**Problem statement:** Starting at the line that contains "3、打开Rhino软件,点击【渲染】-【目前的渲染器】-【V-Ray for Rhino】" and ending at the final line of the entries below, write out each line exactly as it appears, but omit the pictures.

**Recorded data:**
>>>>

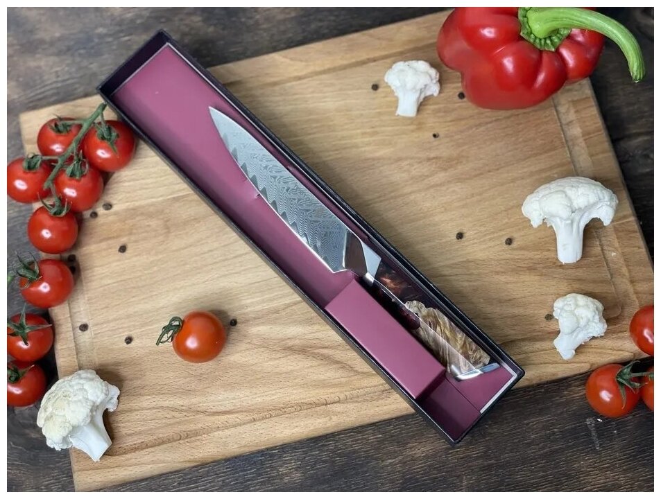 Tuotown Нож кухонный «Слайсер» 20 см для нарезки, приготовления суши, сашими и роллов. Fermin. Сталь 1.4116, рукоять Pakka. Плюс фруктовый нож!
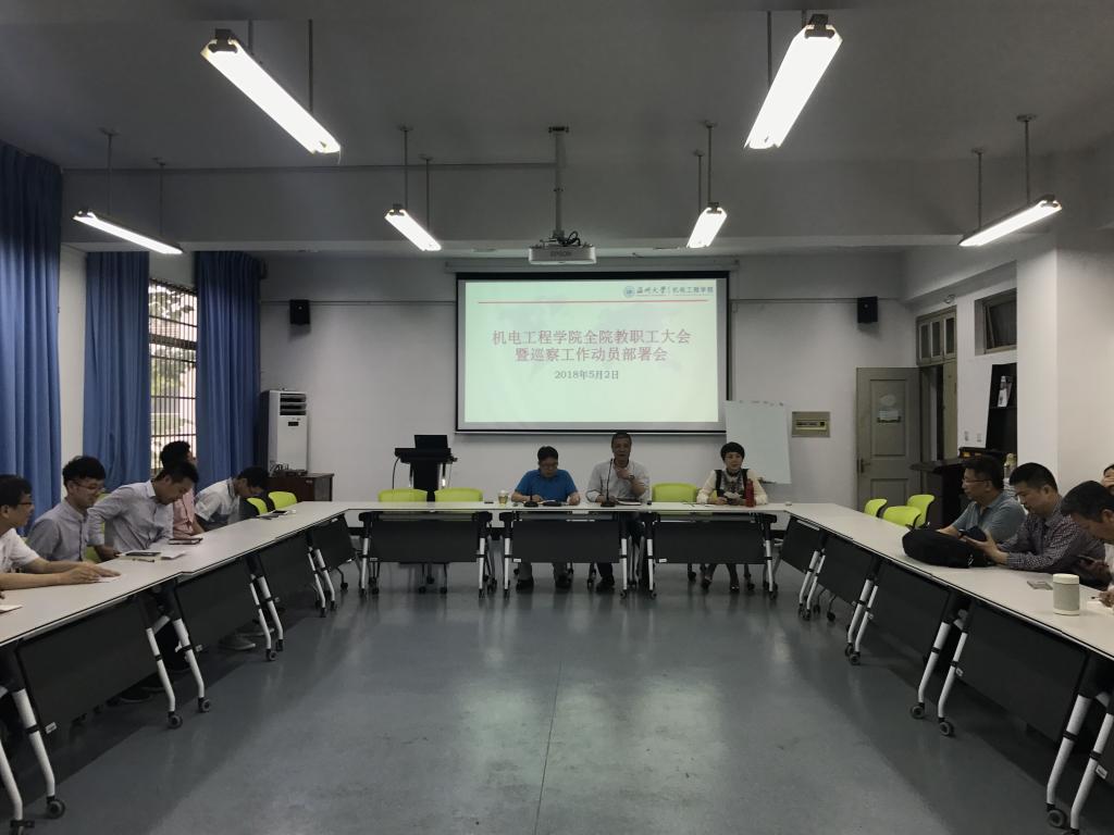 2018年5月2日下午,必赢线路检测中心在6B201会议室召开全院教职工大会暨巡察工作动员部署会。学院全体教职工参加了会议,会议由公司党总支书记周荣主持。
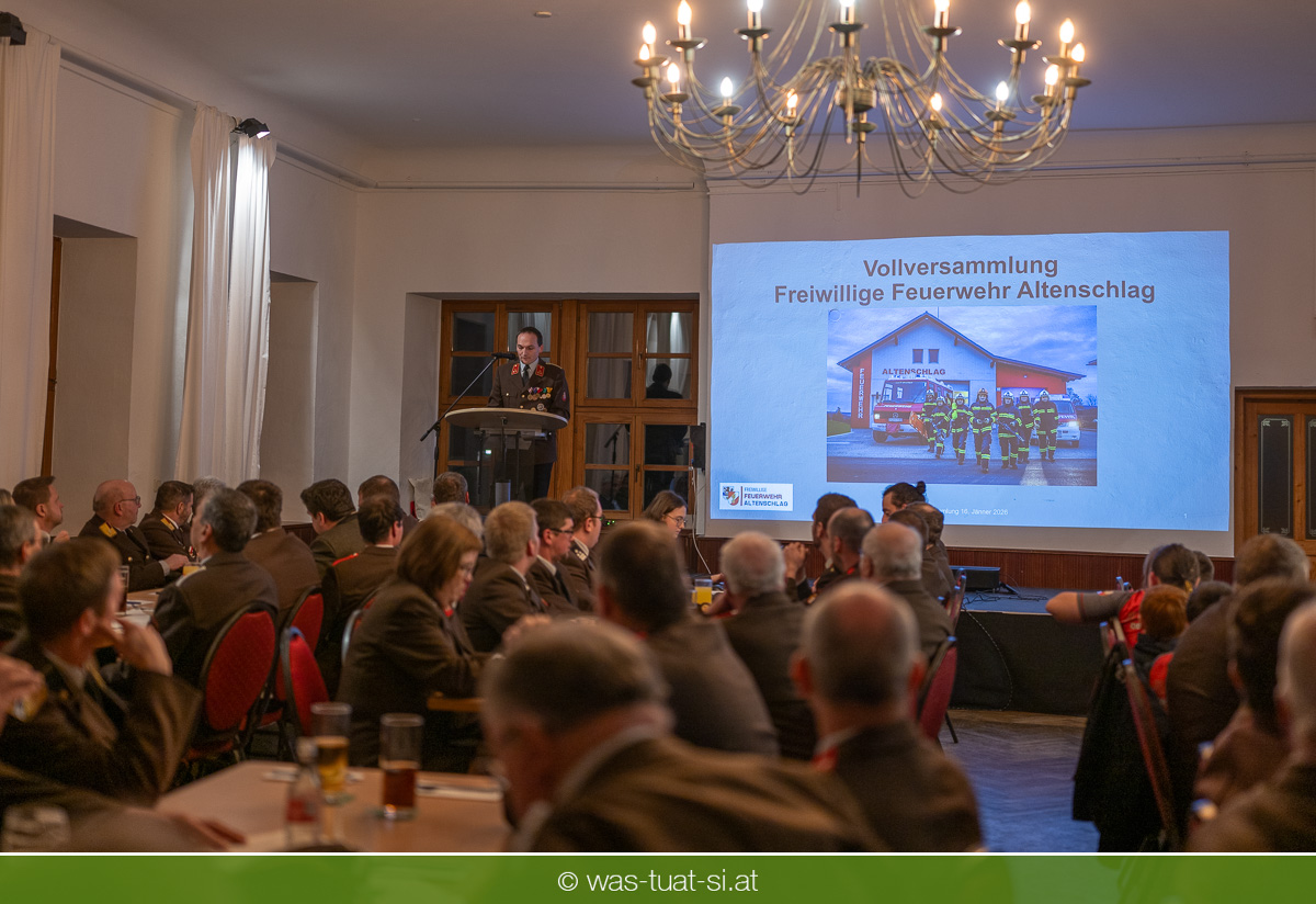 Am Freitag, den 16. Jänner 2026, versammelten sich die Mitglieder der Freiwilligen Feuerwehr Altenschlag im Gasthof Haudum in Helfenberg zur jährlichen Vollversammlung. Kommandant Andreas Breiteneder konnte neben zahlreichen Mitgliedern samt Feuerwehrjugend auch Ehrengäste aus der Politik und dem Bezirks-Feuerwehrkommando begrüßen. Im Mittelpunkt des Abends stand der Rückblick auf das vergangene Einsatz- und Ausbildungsjahr 2025. Für das laufende Jahr 2026 stehen bereits große Aufgaben an. Neben der kontinuierlichen Ausbildung und dem Übungsbetrieb, gibt es wieder einige Veranstaltungen, wie am 13.02.26 der LEDERHOSENBALL, das ALTENSCHLÄGERFEST ist vom 25.-26. April 2026 und die Austragung der THL TAGE 2026, bei dem Event vom 25.-26. September zeigen nationale und internationale Technical Rescue Teams ihr Können. Dazu werden Alle herzlich eingeladen.
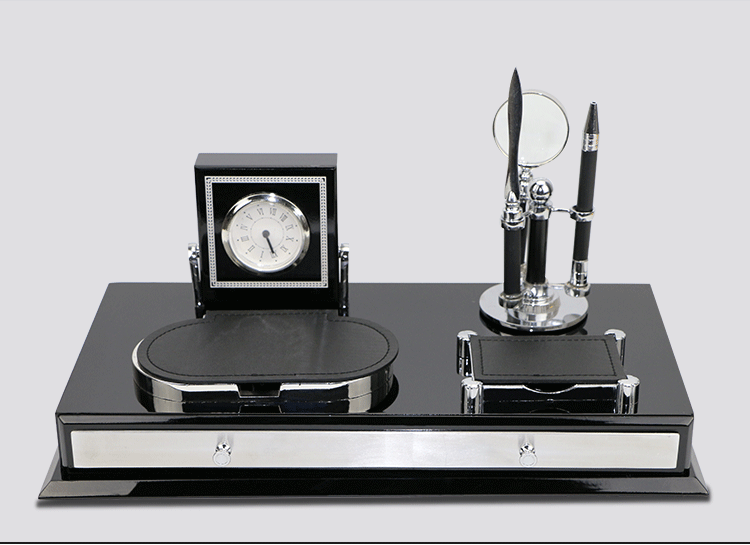 焕环祥工艺 老板桌笔筒面摆台定制 木质台历架地球仪摆件定做
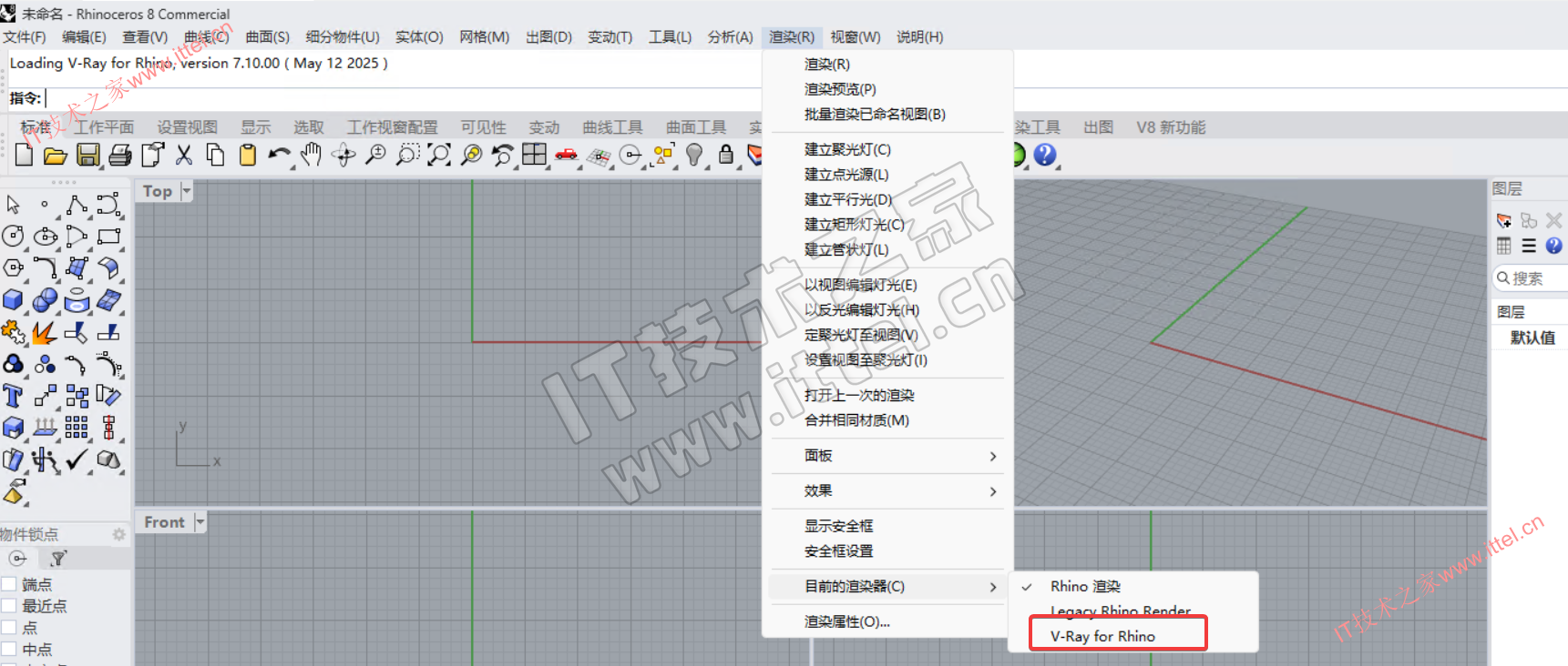 3、打开Rhino软件,点击【渲染】-【目前的渲染器】-【V-Ray for Rhino】
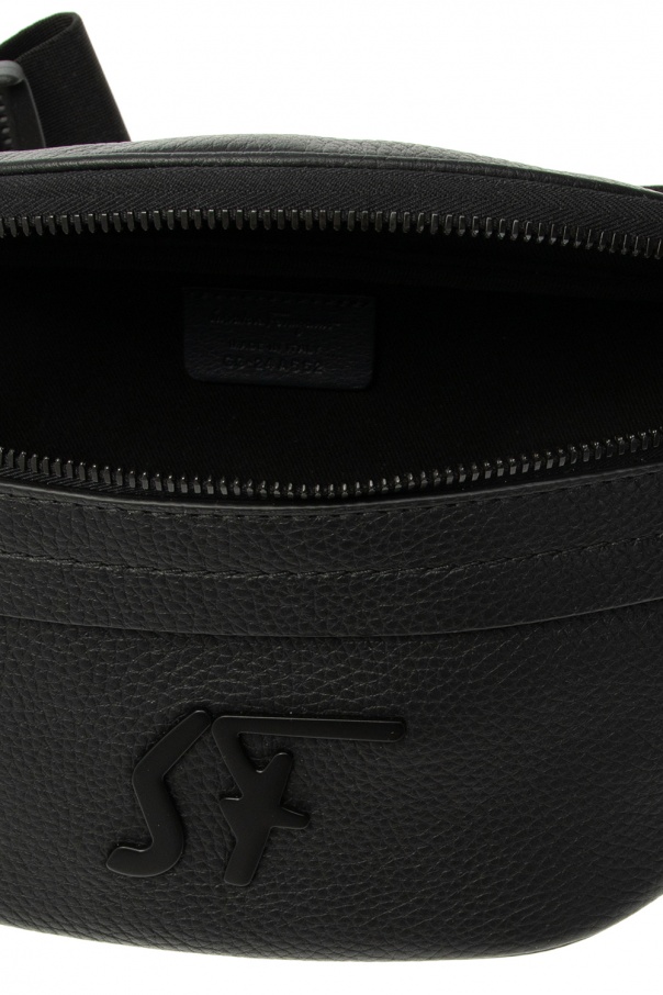 Black ‘Firenze’ belt bag from Salvatore Ferragamo. Crafted from calf leather, this accessory comes with two-way zip fastening, metal logo on the front, adjustable fabric belt, one internal compartment and black metal hardware.
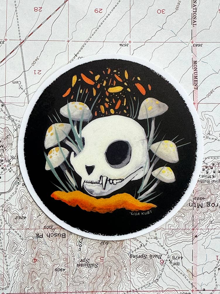 High quality, waterproof, UV resistant, vinyl Forager, a little jackalope among the mushrooms, sticker. These 3" x 3" gloss stickers are lovely and made to last! Adorn your water bottle, computer, iPad case, suitcase, or save in a sticker book. For the sticker collector- these are super fun.
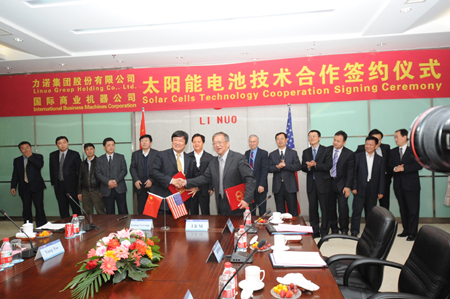 12日下午,力诺光伏集团和IBM宣布在晶体硅电池技术方面达成合作,通过技术革新提升太阳能电池转换效率。

<<<<

**Response to this exercise:**
 3、打开Rhino软件,点击【渲染】-【目前的渲染器】-【V-Ray for Rhino】
 Black ‘Firenze’ belt bag from Salvatore Ferragamo. Crafted from calf leather, this accessory comes with two-way zip fastening, metal logo on the front, adjustable fabric belt, one internal compartment and black metal hardware.
 High quality, waterproof, UV resistant, vinyl Forager, a little jackalope among the mushrooms, sticker. These 3" x 3" gloss stickers are lovely and made to last! Adorn your water bottle, computer, iPad case, suitcase, or save in a sticker book. For the sticker collector- these are super fun.
 12日下午,力诺光伏集团和IBM宣布在晶体硅电池技术方面达成合作,通过技术革新提升太阳能电池转换效率。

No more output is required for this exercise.